Yes.  I know that.  It means that, at a very young age, my daughter won’t be plunged into all kinds of decisions about her own genetic testing, stepped-up surveillance, possible prophylactic surgery, prescribed drugs.  I know that.  I know it’s good news.

So why does it make me feel so emotional and uncertain?  I guess it’s because the world of science and medicine is telling me and my daughter what it knows now.  It’s something — but it’s not enough.  It’s a semi-tidy bit of certainty in an overall mosaic of family history, chance, environment, an unknowable future; a present that’s a little better known — but still unclear.

Even with this news, I still can’t stop looking over my shoulder at my own horror story of a family history: mother and my only two aunts with breast cancer; grandmother with colon cancer; grandmother with lung cancer; aunt who survived breast cancer only to die from pancreatic cancer.  Sure, I didn’t carry one of the known genes.  But didn’t this family history mean something?

I’d signed up for a genetic test under false pretenses, I finally realized, as I left the office.  On the surface, I’d signed up to find out whether I had one of two genes that indicated hereditary forms of cancer.  But what I really wanted to know was something far greater, far more complicated, more important: Is my daughter going to be safe?

When it came down to it, I hadn’t wanted science.  I’d wanted magic.  But isn’t that what every mother wants?

(Copyright 2008 by Ruth Pennebaker)

1 comment… add one
  • Steve Collins Link

    Fathers want that same magic. Parents of both sexes want their children to be healthy and happy. The order doesn’t matter; we want both for them.

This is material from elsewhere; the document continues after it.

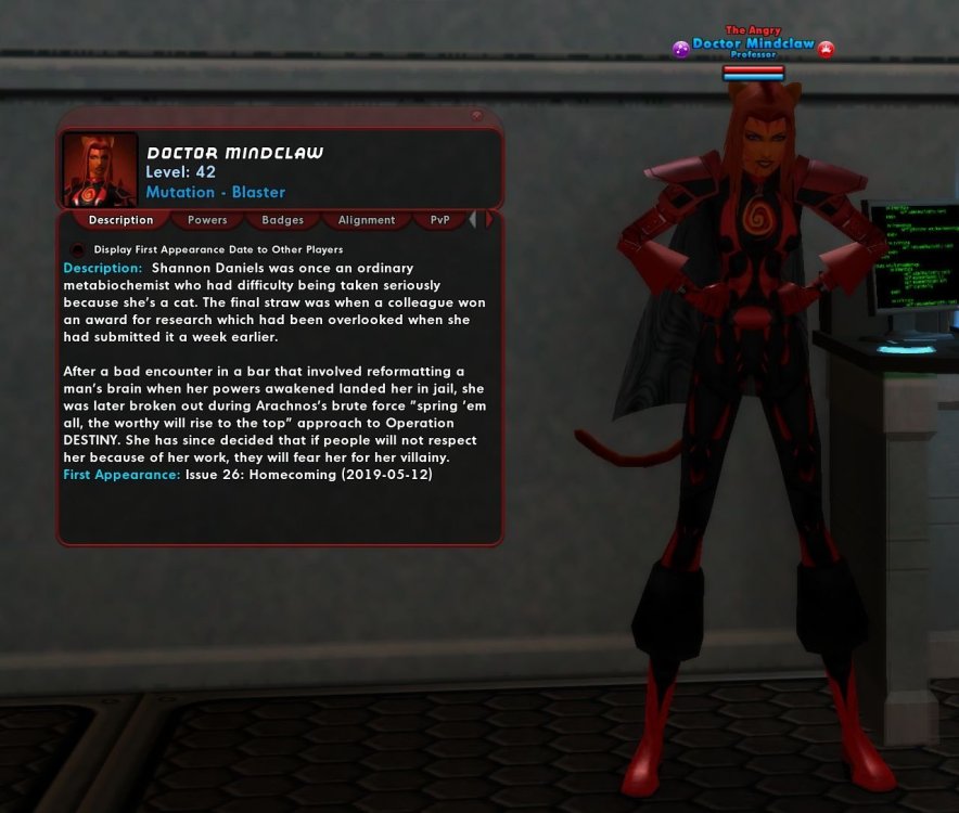 So having had a few days to let it roll around, I am changing my tune a bit on Mr. G and the clown show he had me bust out of jail. I completely stand by "the arc is cleaning up the mess his plan caused." However, I no longer see that as as big a deal, for a very simple reason: a supervillain of the kind of stature doing things of this scale, people are going to gun for you, even if they weren't already. So if they're gunning for you because you broke some people out of jail at the behest of a guy whose fat you pulled out of the fire, is it really that much worse than them gunning for you because of a plan that was 100% yours? I figure that any "this is your fault" that isn't offset by "I would have been in this kind of situation anyway" is handled by "and the cleanup is done on TV in front of an audience." The rest of the crew still mostly don't measure up to the trouble I got into by fetching them, but yeah, I can roll with "these guys just need to get their footing and then they can prove valuable, a thread which will not really get followed up on because this is an MMO based on comic books so that kind of thing is going uphill twice over." The writers for this can't really assume you've done any given thing, after all, and "a new writer takes over and drops the prior writer's work like a hot rock to tell their own stories" is not unknown in comicry. On a semi-personal note, I did kind of skim over the wiki beforehand so I had an idea of what I was getting into, and I wanted to do it with a specific character for a specific reason. See how he dismissively refers to Bobcat as just "the catgirl"? Didn't go over so hot. 😾 -

    Maybe it’s because I’m a survivor myself, but I always find UTMDAnderson an upbeat place, and did so from my first visit there following diagnosis. The place is full of desperately ill, gaunt, pale people, looking for hope. Yet the place is airy and bright, the piano is playing in the lobby, the staff is excessively upbeat and smiling. It IS hopeful. And it IS so much better than the waiting room of South Austin Cancer Center, my version of Texas Oncology.

    I’ve always found the waiting room at the local cancer center too dark (physically and psychologically), too quiet. I’d much rather be in a place where you have trouble hearing your name called by the nurse. There’s nothing worse than hearing the monotone calling of your own name in the imposing quiet of the waiting area. I’ll be quiet when I’m dead (I guess); in this life I need some noise.

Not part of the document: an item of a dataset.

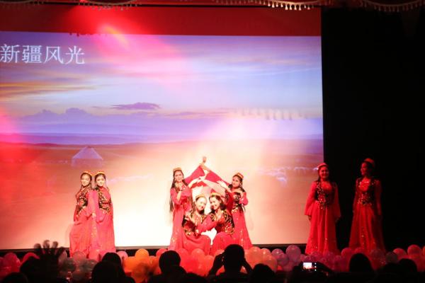 座无虚席,气氛高涨。随着音乐的响起,文艺晚会缓缓拉开了序幕。首先,温暖窝心的暖场小视频将大家的心紧紧牵在了一起,热情似火的开场舞迅速点燃了现场气氛。欢呼声一浪高过一浪,气氛热烈,掌声雷动。而后,热情欢乐的乐队表演、幽默诙谐的相声演出、刘朝老师的真情独唱、梦想话剧社的《新唐伯虎点秋香》,则一次又一次将演出推向高潮。其中,来自新疆的维族姑娘们以特色鲜明的民族舞蹈、火红的舞裙为大家带来了一场视听盛宴。歌以咏言,舞以尽意,赢得了大家的阵阵掌声。艺术团成员带来的啦啦操表演和歌曲串烧更是成为晚会的又一亮点。观众互动微博抽奖环节则更是牵动着同学们的心,呆萌的吉祥物米果为大家送上小礼品,让现场流动着暖暖的情意。最后,伴随着温馨的结束曲,晚会在大家的合影留念中圆满结束。
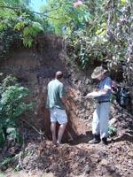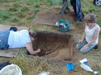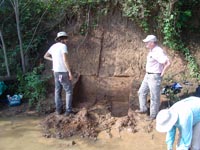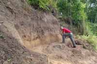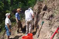 | July 11th, 2012 - Preparing the profile to remove a flotation column, and bucket auguering to determine how much of the shell midden is still intact. | |||||

    A couple of years ago, just as I heard that dreaded announcement of my name, an elder friend of mine was wheeled up to the receptionists’ desk. Sue was a lively, loud person under all circumstances. I walked over to Sue and greeted her with a question to which I knew the generic answer, but I wanted hear HER answer. Sue would liven this place up.

    “Sue, what are you doing here?”

    “WELL, THEY TELL ME I’M DYIN’!.” She said it with a loud, happy voice that bounced around the waiting area.

    “Hell, Sue. We’re all dyin’. The only question is when.”

    “I GUESS THAT’S ABOUT RIGHT. BUT I’LL KEEP TAKIN’ WHAT THEY’RE GIVIN’.”

    She died of her cancer eight or nine months later.

    I don’t what the other gathered patients in that waiting room thought of our conversation. Most were likely uncomfortable with, if not discomforted by, the words giving voice to their own reality. But at least Sue and I were alive and lively, and I smile every time I think of her and that conversation.